Тем не менее в 2000-е годы была предпринята попытка внедрить «водное такси» как намек на перспективность регулярного речного транспорта (крайне необходимого для разгрузки переполненных наземных дорог)[179]. Тогда еще ходили и паромы в Кронштадт – ими пользовались в основном жители Кронштадта, ехавшие в Петербург, но на утренних рейсах в Кронштадт попадались и питерские чиновники (в костюмах и с портфелями), а вечерними в город возвращались случайные туристы[180]. В целом навигация была достаточно интенсивной, чтобы оправдать работу подъемных мостов по ночам в летний период. В предрассветные часы город вновь оказывался во власти судоходства[181].
1.8. Александр Медведев.
«Я счастлив, что я – ленинградец». Плакат, ок. 1980 года. URL: http://www. advertology.ru/article32112. html (дата обращения: 12.09.2021)
Для сухопутных жителей ситуация не так удобна. Существует подробный график развода мостов, но хотя теоретически какая-то из переправ всегда должна быть доступной, порой, чтобы пересечь Неву, приходится отправляться в длительный объезд. Можно провести час у моста лейтенанта Шмидта и только после этого узнать, что в указанное время его разведут, а вместо него сведут Дворцовый (в получасе ходьбы)[182]. Таким образом мосты могут препятствовать передвижению. Они закрыты по большим праздникам, а также на время летних парусных состязаний. Герой классической комедии Г. Данелии «Осенний марафон» (1979), переводчик и преподаватель университета, отчаянно мечется между женой и любовницей и, придя домой под утро, оправдывается тем, что «мосты развели»[183]. В эффектном плакате А. Медведева «Я счастлив, что я – ленинградец», названном строчкой из песни 1949 года, игра смыслов строится на сходстве пролета разведенного моста и спинки раскладушки. С одной стороны, образ намекает на неоднозначный прием, который город оказывает приезжим, а с другой – «одомашнивает» мост, делая его неотъемлемой частью жизни города[184]. Картинка также пародирует стандартные приемы восхваления города в массовой рыночной продукции – в наборе открыток, напечатанных в 1979 году, тот же Дворцовый мост присутствует как пример невероятной красоты Ленинграда.
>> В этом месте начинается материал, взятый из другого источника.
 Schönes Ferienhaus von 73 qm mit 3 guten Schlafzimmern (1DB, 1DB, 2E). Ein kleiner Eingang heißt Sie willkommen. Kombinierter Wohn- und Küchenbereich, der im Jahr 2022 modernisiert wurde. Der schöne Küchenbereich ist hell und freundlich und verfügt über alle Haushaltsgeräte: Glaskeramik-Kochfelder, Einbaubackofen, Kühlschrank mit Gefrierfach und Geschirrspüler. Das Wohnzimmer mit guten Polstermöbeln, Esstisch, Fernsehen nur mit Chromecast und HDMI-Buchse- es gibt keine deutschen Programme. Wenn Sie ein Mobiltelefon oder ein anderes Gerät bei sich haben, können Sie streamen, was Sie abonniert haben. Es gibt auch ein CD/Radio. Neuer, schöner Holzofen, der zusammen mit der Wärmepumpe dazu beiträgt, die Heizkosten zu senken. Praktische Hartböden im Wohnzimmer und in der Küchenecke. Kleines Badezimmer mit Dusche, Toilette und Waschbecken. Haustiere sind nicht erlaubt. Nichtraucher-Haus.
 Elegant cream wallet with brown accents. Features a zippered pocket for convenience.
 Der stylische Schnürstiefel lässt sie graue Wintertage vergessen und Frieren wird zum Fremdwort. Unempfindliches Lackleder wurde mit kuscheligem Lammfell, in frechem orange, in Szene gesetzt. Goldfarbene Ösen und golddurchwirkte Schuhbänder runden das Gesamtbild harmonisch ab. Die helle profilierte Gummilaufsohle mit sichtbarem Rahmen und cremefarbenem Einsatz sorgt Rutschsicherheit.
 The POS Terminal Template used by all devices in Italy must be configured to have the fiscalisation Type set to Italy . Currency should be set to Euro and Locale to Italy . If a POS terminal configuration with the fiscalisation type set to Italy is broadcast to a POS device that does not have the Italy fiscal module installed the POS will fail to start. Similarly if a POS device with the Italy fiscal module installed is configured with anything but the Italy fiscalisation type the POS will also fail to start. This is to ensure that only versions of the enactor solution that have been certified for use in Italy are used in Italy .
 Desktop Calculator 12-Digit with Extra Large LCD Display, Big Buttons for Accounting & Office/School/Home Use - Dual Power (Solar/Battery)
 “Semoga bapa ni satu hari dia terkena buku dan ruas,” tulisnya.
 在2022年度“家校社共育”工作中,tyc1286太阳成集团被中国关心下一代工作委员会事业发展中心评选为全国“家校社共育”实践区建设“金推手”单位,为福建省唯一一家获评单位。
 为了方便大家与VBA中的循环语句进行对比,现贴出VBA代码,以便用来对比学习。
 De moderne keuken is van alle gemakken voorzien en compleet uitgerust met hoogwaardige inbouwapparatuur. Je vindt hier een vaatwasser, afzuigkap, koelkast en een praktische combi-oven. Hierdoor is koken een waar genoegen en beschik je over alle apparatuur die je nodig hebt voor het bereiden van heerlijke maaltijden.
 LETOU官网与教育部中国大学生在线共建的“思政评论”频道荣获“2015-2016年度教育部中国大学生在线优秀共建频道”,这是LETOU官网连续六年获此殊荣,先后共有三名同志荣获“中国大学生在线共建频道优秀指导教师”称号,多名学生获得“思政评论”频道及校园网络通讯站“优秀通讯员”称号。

1.9. «Белая ночь на Неве». Открытка из серии «Ленинград», 1979
Среди питерцев во все времена имелись заядлые рыболовы – любители постоять на набережных с удочками в любую погоду; у них всегда наготове наживка и согревающие (или прохладительные) напитки[185]. Одно время на Университетской набережной часто можно было видеть сотрудника одного из институтов Академии наук. Предпочитая компанию рыб обществу коллег, в обеденный перерыв он выскакивал к реке[186]. Река помогала людям выжить и во время блокады, когда система водоснабжения была разрушена и горожане с бидонами и ведрами шли за водой к Неве. Но в обычное время водой положено любоваться, а не пользоваться. Вид на реку или в крайнем случае на канал[187] всегда был символом престижа и предметом зависти. Высмеивая претенциозность Л. Н. Рейснер, одной из ведущих представительниц ленинградского большевистского «бомонда» 1920-х годов, А. А. Ахматова с иронией отмечала, что у Рейснер в квартире «три окна на Медного всадника, три – на Неву». «По дороге сказала: “Я отдала бы все, все, чтобы быть Анной Ахматовой!” Глупые слова, правда? Что – все? Три окна на Неву?» [Чуковская 1997,1: 79].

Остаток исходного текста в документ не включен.